= Thomas Skevington =

English Cistercian monk

Thomas Skevington (also Skeffington, Pace or Patexe) (died 17 August 1533) was an English Cistercian monk, abbot of Waverley Abbey and Beaulieu Abbey, and bishop of Bangor from 1509.

==Life==
The son of John Pace of Leicestershire and his wife Margaret Cobley, daughter of William Cobley, he is said to have been born at Skeffington, the seat of the family of that name.

Pace entered the Cistercian Merivale Abbey in Warwickshire, and studied at the Cistercian St Bernard's College, Oxford.

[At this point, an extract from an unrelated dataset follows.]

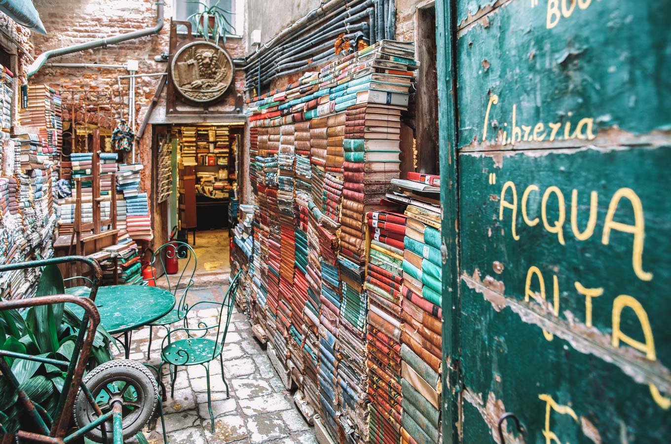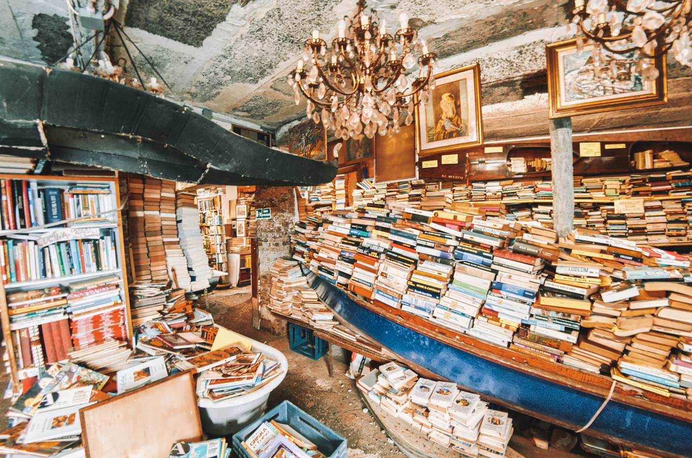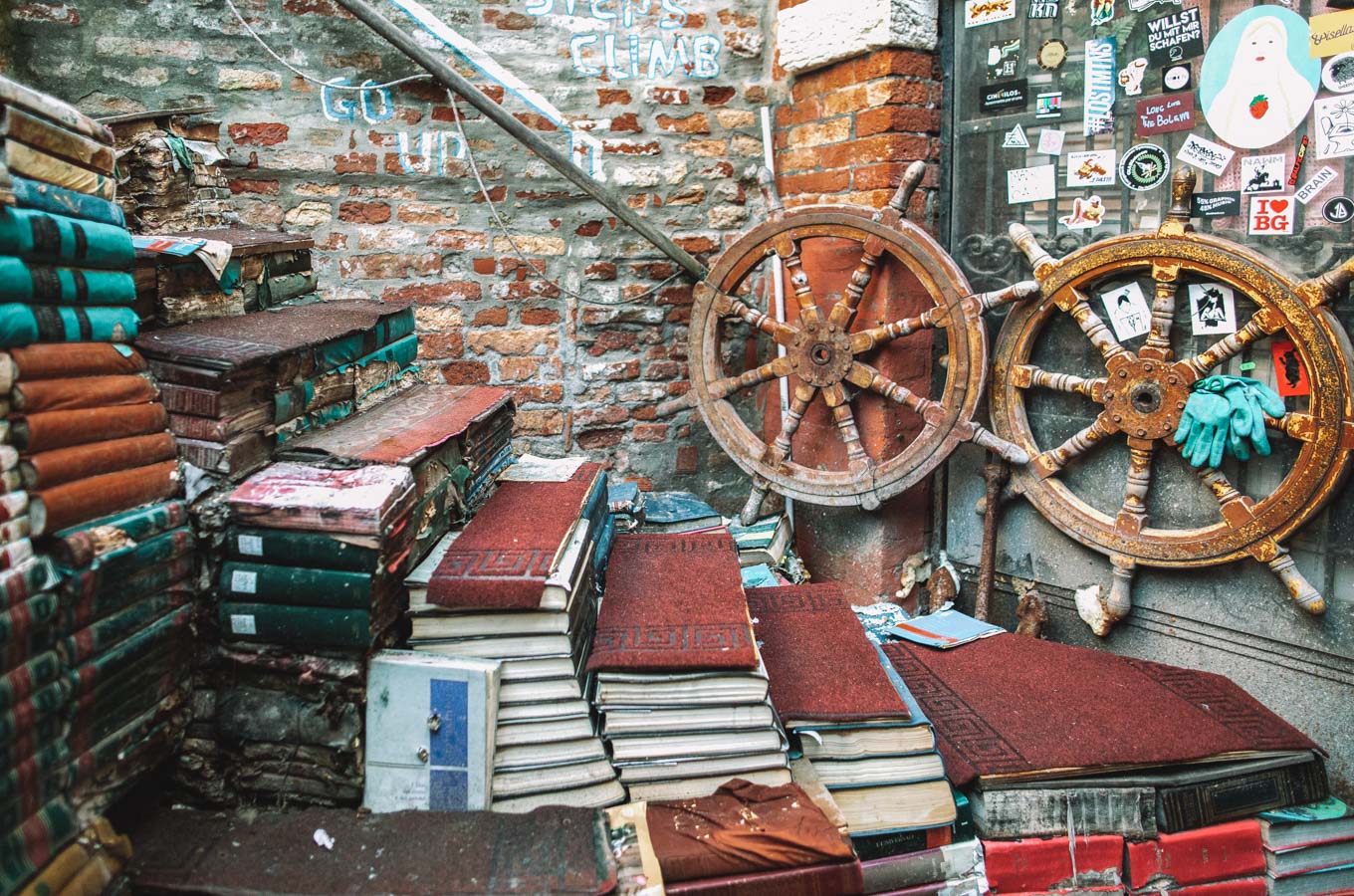 Its layout is beautiful and chaotic and you can spend hours sifting through the stacks of used and new books which you can find not only on shelves but also in antique gondolas, barrels, and bathtubs.

As was customary, he took a new name on entering the regular life, and selected what is supposed to have been his birthplace.

Skevington became abbot of Waverley in Surrey in 1477, and then Beaulieu in Hampshire in 1508, according to scholarly identifications of their "Abbot Thomas". On 17 June 1509 he was consecrated bishop of Bangor; he retained Beaulieu in commendam, for the rest of his life.

At Bangor, Skevington had William Glynne (died 1537) as vicar-general, and was active as a builder. He finished the episcopal palace and built the tower and the nave of Bangor Cathedral. His body was buried at Beaulieu, but his heart was taken to Bangor.